[Extracted data entries]

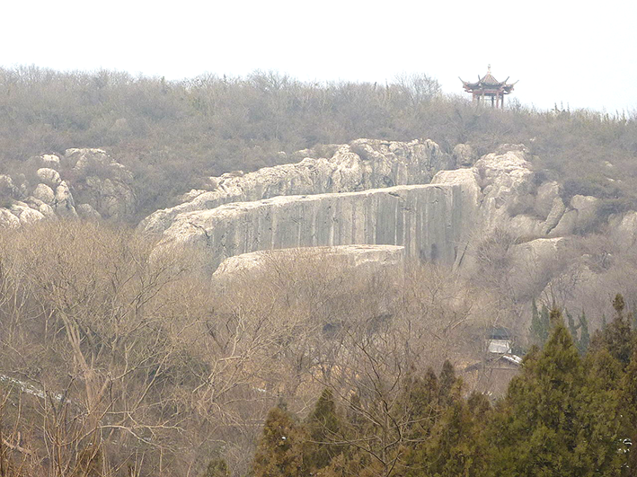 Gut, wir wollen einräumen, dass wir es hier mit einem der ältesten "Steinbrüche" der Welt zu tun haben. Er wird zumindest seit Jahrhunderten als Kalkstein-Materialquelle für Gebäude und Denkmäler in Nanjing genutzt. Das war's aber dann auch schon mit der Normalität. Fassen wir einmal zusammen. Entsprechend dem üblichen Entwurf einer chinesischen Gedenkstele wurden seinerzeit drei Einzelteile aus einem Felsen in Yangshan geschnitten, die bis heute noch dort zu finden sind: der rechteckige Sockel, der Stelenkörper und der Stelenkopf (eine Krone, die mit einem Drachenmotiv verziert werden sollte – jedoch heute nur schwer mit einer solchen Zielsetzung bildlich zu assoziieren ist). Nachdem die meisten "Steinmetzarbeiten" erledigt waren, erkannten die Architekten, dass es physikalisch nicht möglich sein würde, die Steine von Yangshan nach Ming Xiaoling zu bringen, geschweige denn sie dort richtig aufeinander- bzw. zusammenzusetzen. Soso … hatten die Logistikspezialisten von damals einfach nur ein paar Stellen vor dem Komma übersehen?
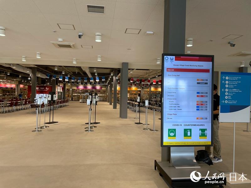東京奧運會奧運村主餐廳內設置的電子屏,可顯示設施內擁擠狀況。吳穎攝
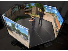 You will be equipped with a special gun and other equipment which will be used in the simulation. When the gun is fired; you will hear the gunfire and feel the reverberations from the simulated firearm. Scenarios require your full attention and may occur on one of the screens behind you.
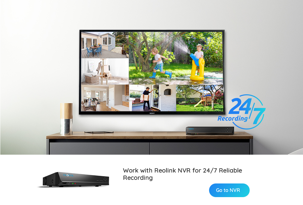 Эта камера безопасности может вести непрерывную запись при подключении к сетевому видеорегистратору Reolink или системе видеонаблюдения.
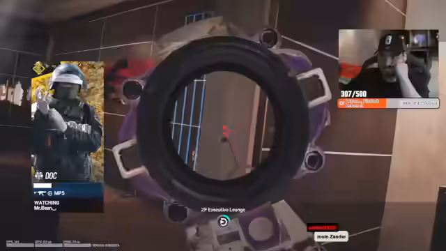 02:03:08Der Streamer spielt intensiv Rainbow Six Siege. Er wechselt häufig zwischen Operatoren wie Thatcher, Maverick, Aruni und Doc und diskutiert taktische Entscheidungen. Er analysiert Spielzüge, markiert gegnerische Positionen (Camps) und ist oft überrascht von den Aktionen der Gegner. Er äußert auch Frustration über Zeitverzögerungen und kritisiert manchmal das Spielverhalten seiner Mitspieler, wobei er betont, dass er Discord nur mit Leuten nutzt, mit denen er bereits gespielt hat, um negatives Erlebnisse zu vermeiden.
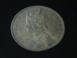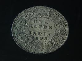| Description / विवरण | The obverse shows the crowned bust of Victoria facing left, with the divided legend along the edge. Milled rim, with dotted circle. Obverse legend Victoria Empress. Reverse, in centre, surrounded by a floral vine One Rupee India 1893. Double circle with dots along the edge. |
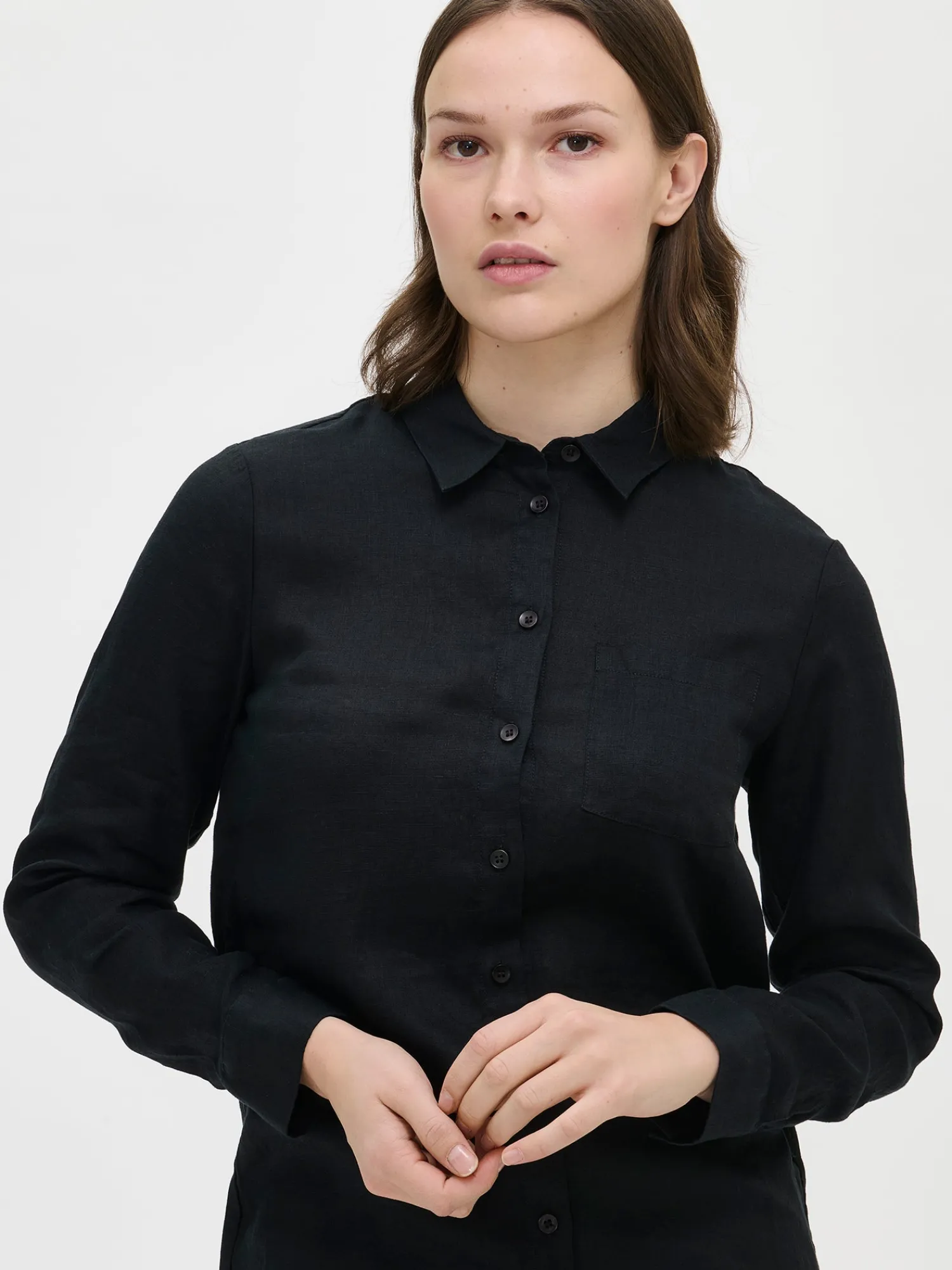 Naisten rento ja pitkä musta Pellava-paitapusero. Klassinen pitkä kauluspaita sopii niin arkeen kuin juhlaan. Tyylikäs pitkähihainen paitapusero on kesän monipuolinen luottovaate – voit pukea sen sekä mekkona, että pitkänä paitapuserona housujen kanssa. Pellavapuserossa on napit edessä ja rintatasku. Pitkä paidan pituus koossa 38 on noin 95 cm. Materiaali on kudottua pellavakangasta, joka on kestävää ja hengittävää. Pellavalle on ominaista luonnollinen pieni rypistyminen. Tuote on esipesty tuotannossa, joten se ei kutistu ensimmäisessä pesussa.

- [Requirement]:
The response has to be an exact copy of all the data, pictures excluded.

- [Response]:
 Gut, wir wollen einräumen, dass wir es hier mit einem der ältesten "Steinbrüche" der Welt zu tun haben. Er wird zumindest seit Jahrhunderten als Kalkstein-Materialquelle für Gebäude und Denkmäler in Nanjing genutzt. Das war's aber dann auch schon mit der Normalität. Fassen wir einmal zusammen. Entsprechend dem üblichen Entwurf einer chinesischen Gedenkstele wurden seinerzeit drei Einzelteile aus einem Felsen in Yangshan geschnitten, die bis heute noch dort zu finden sind: der rechteckige Sockel, der Stelenkörper und der Stelenkopf (eine Krone, die mit einem Drachenmotiv verziert werden sollte – jedoch heute nur schwer mit einer solchen Zielsetzung bildlich zu assoziieren ist). Nachdem die meisten "Steinmetzarbeiten" erledigt waren, erkannten die Architekten, dass es physikalisch nicht möglich sein würde, die Steine von Yangshan nach Ming Xiaoling zu bringen, geschweige denn sie dort richtig aufeinander- bzw. zusammenzusetzen. Soso … hatten die Logistikspezialisten von damals einfach nur ein paar Stellen vor dem Komma übersehen?
東京奧運會奧運村主餐廳內設置的電子屏,可顯示設施內擁擠狀況。吳穎攝
 You will be equipped with a special gun and other equipment which will be used in the simulation. When the gun is fired; you will hear the gunfire and feel the reverberations from the simulated firearm. Scenarios require your full attention and may occur on one of the screens behind you.
 Эта камера безопасности может вести непрерывную запись при подключении к сетевому видеорегистратору Reolink или системе видеонаблюдения.
 02:03:08Der Streamer spielt intensiv Rainbow Six Siege. Er wechselt häufig zwischen Operatoren wie Thatcher, Maverick, Aruni und Doc und diskutiert taktische Entscheidungen. Er analysiert Spielzüge, markiert gegnerische Positionen (Camps) und ist oft überrascht von den Aktionen der Gegner. Er äußert auch Frustration über Zeitverzögerungen und kritisiert manchmal das Spielverhalten seiner Mitspieler, wobei er betont, dass er Discord nur mit Leuten nutzt, mit denen er bereits gespielt hat, um negatives Erlebnisse zu vermeiden.
| Description / विवरण | The obverse shows the crowned bust of Victoria facing left, with the divided legend along the edge. Milled rim, with dotted circle. Obverse legend Victoria Empress. Reverse, in centre, surrounded by a floral vine One Rupee India 1893. Double circle with dots along the edge. |
 Naisten rento ja pitkä musta Pellava-paitapusero. Klassinen pitkä kauluspaita sopii niin arkeen kuin juhlaan. Tyylikäs pitkähihainen paitapusero on kesän monipuolinen luottovaate – voit pukea sen sekä mekkona, että pitkänä paitapuserona housujen kanssa. Pellavapuserossa on napit edessä ja rintatasku. Pitkä paidan pituus koossa 38 on noin 95 cm. Materiaali on kudottua pellavakangasta, joka on kestävää ja hengittävää. Pellavalle on ominaista luonnollinen pieni rypistyminen. Tuote on esipesty tuotannossa, joten se ei kutistu ensimmäisessä pesussa.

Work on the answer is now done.